Looking at the posterior: accuracy and uncertainty of neural-network predictions

TL;DR

This paper investigates how Bayesian posterior distributions can quantify uncertainty in neural network predictions, revealing complex relationships between uncertainty types, model architecture, and dataset properties, with implications for active learning.

Contribution

It demonstrates the intricate dependence of prediction accuracy on epistemic and aleatoric uncertainties and introduces a novel acquisition function for active learning.

Findings

Prediction accuracy depends on both epistemic and aleatoric uncertainty.

The relationship between uncertainty and accuracy varies with model architecture and dataset.

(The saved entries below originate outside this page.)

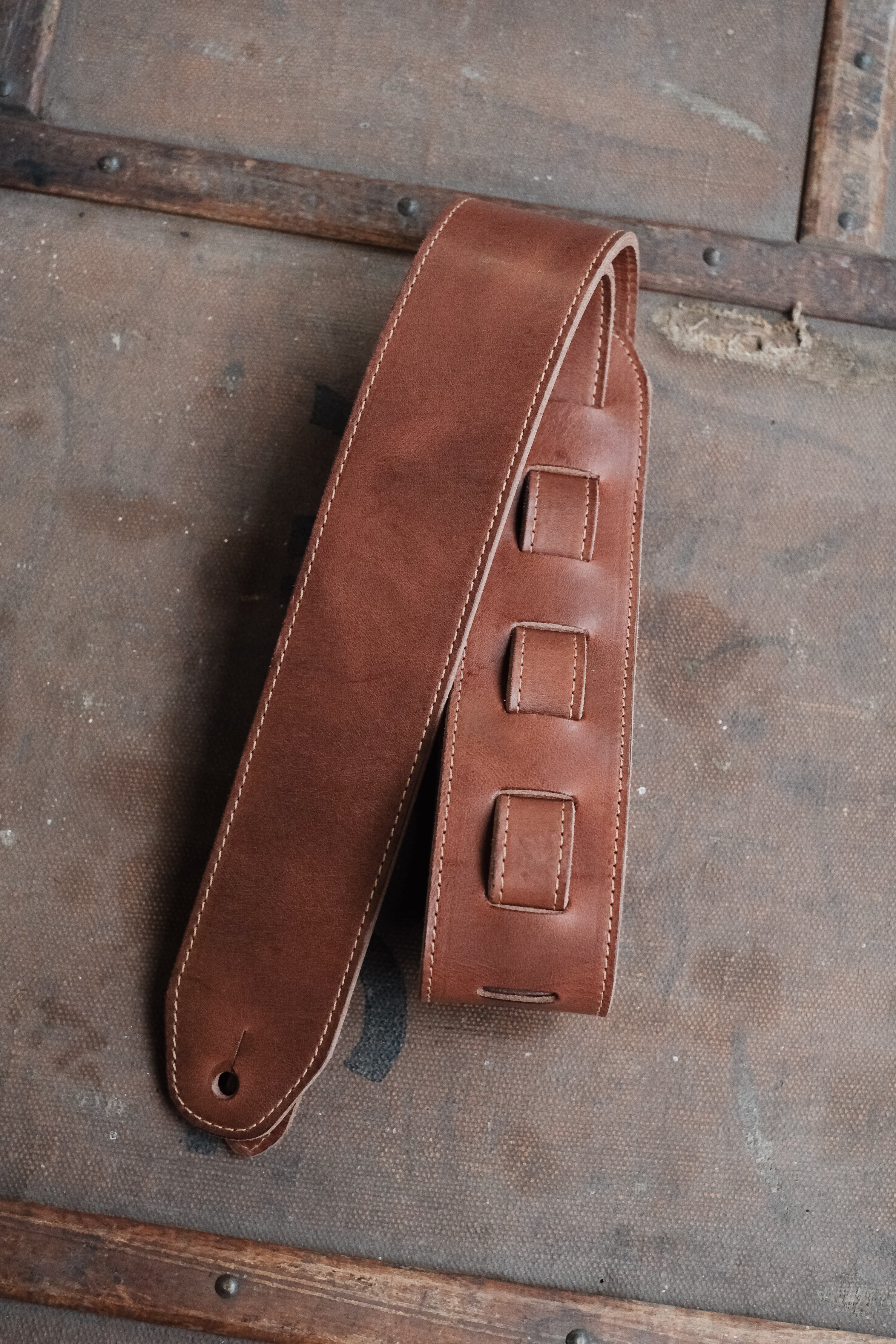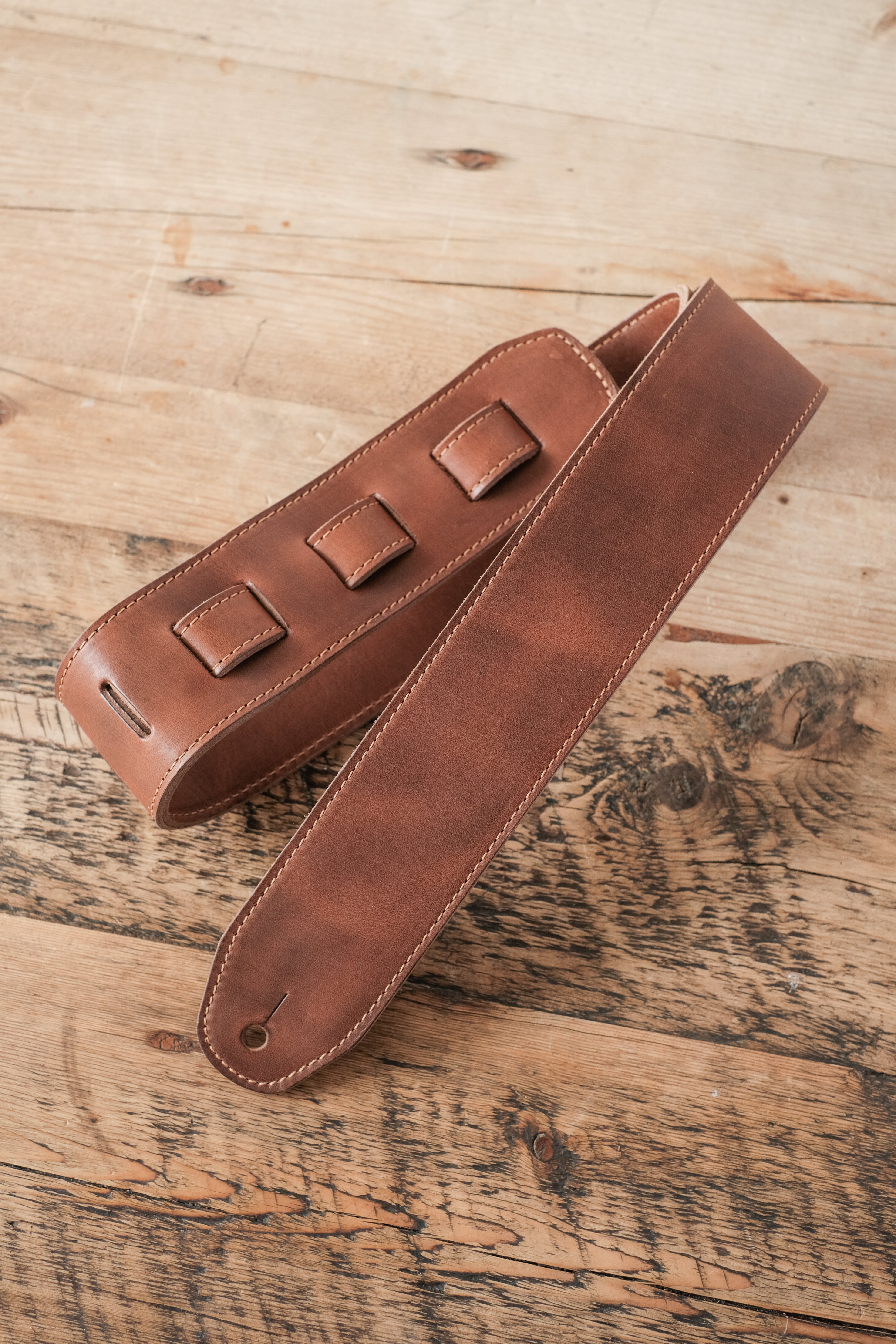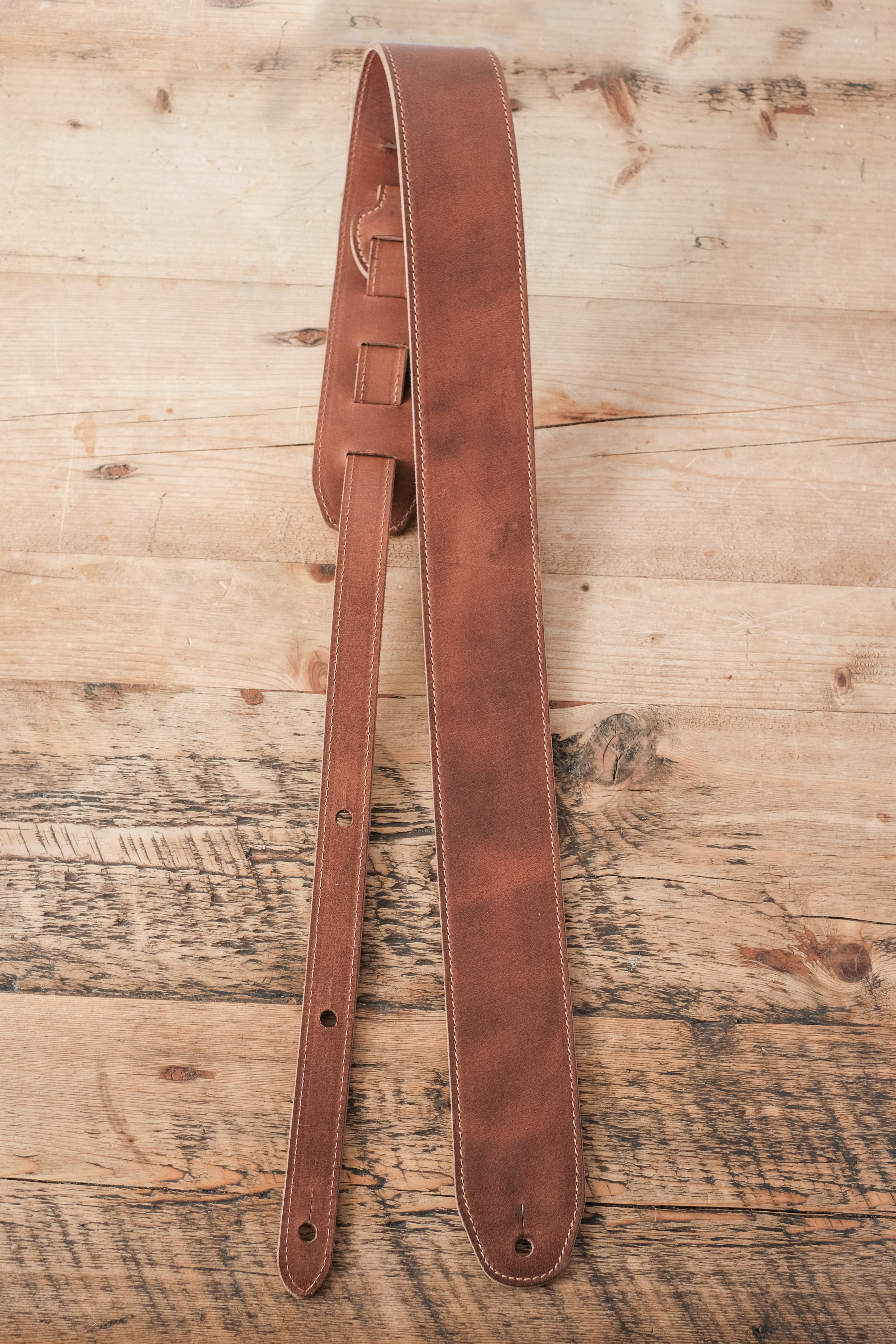 bought for the fussiest 60s Beat fan who loaths the modern guitar strap. This strap is perfect. Really high-quality leather beautifully and elegantly designed and made my partner smile. The strap will get many years of use. Thank you very much.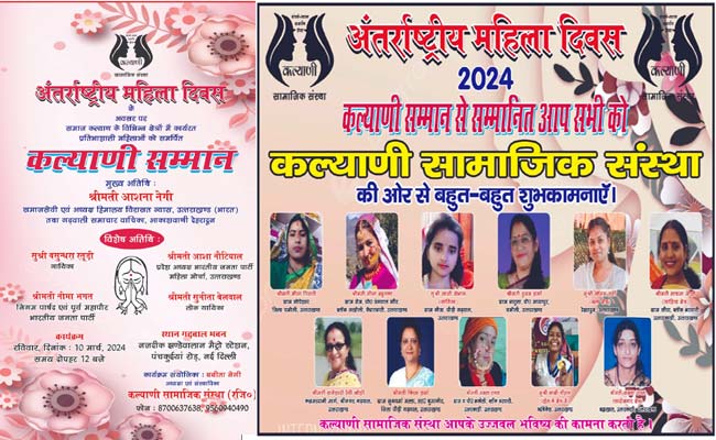 कल्याणी सामाजिक संस्था की अध्यक्षा एवं संस्थापिका बबीता नेगी ने बताया कि संस्था द्वारा वर्ष 2020 में पहली बार अन्तर्राष्ट्रीय महिला दिवस पर “कल्याणी सम्मान समारोह” का आयोजन किया गया था। इस आयोजन का मुख्य उद्देश्य उन महिलाओं को एक बड़े मंच पर सम्मानित करना है, जो विषम परिस्थितियों में समाज के विभिन्न क्षेत्रों मे उल्लेखनीय कार्य कर रही हैं। तब से लेकर लगातार हर वर्ष अन्तर्राष्ट्रीय महिला दिवस पर कल्याणी सामाजिक संस्था मातृशक्ति के सम्मान में समारोह आयोजित करती आ रही है। इस बार संस्था आगामी 10 मार्च को नई दिल्ली के पंच्कुईयां रोड़ स्थित गढवाल भवन मे पांचवां “कल्याणी सम्मान समारोह” आयोजित करने जा रही है।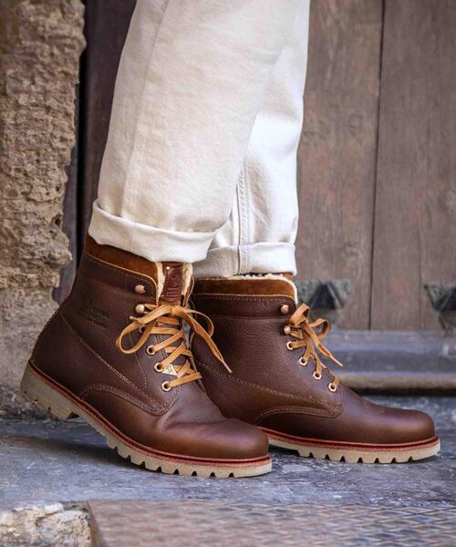 Bota Panama Jack P03 Aviator C22, realizada en suave piel napa grass bark color cuero con forro interior de algodón 100% (borreguito). Bota de hombre estilo aviador con cierre de cordones, realizada en piel napa WATERPROOF que repele el agua. Plantilla anatómica, extraíble para un mejor calce e higiene. Suela de goma, flexible, resistente y adherente. Altura de la caña: 16 cm. Altura del tacón: 4 cm. Peso de las botas: 869 g x 2 = 1.738 g. Descubre la calidad, el confort y el estilo auténtico de Panama Jack: tu mejor aliado para un invierno cálido, elegante y único. 100% Hecho en España.
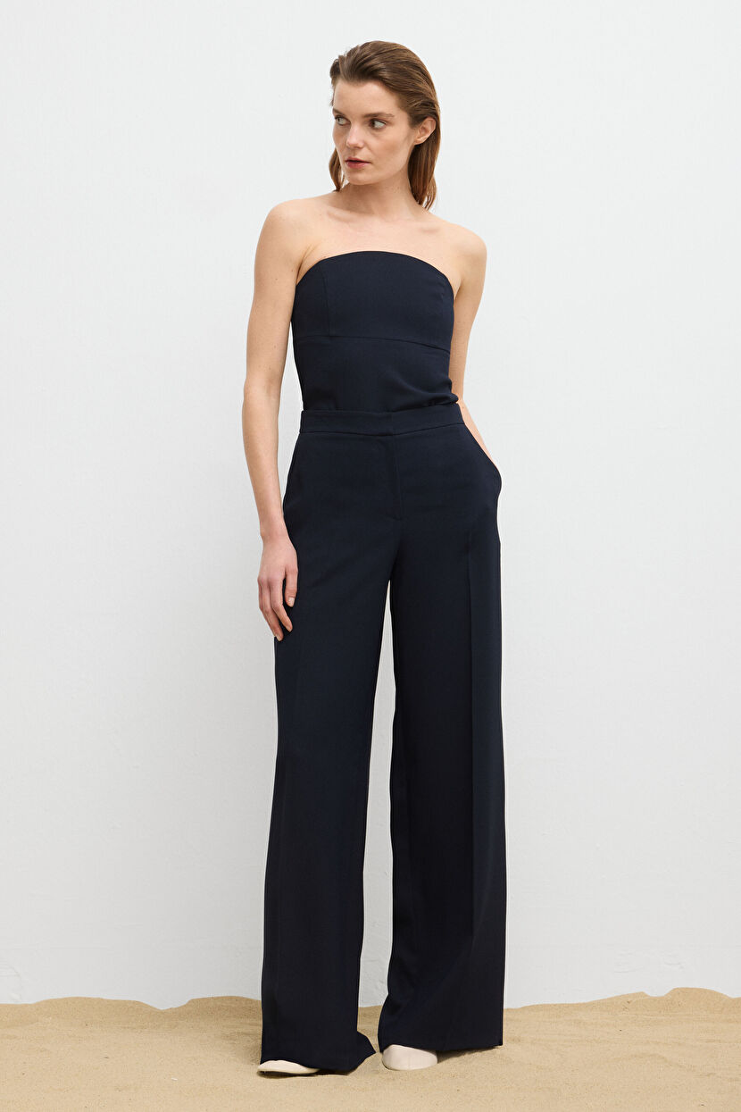Navy Blue Crepe Wide Leg Pocket Trousers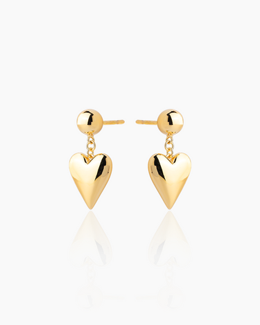 The Juno Gold Studs are a captivating pair of drop stud earrings featuring a dangling heart-shaped design. These elegant studs add a touch of glamour to any look.

A new acquisition function outperforms existing uncertainty-based methods.

Abstract

Bayesian inference can quantify uncertainty in the predictions of neural networks using posterior distributions for model parameters and network output. By looking at these posterior distributions, one can separate the origin of uncertainty into aleatoric and epistemic contributions. One goal of uncertainty quantification is to inform on prediction accuracy. Here we show that prediction accuracy depends on both epistemic and aleatoric uncertainty in an intricate fashion that cannot be understood in terms of marginalized uncertainty distributions alone. How the accuracy relates to epistemic and aleatoric uncertainties depends not only on the model architecture, but also on the properties of the dataset. We discuss the significance of these results for active learning and introduce a novel acquisition function that outperforms common uncertainty-based methods. To arrive at our results, we approximated the posteriors using deep ensembles, for fully-connected, convolutional and attention-based neural networks.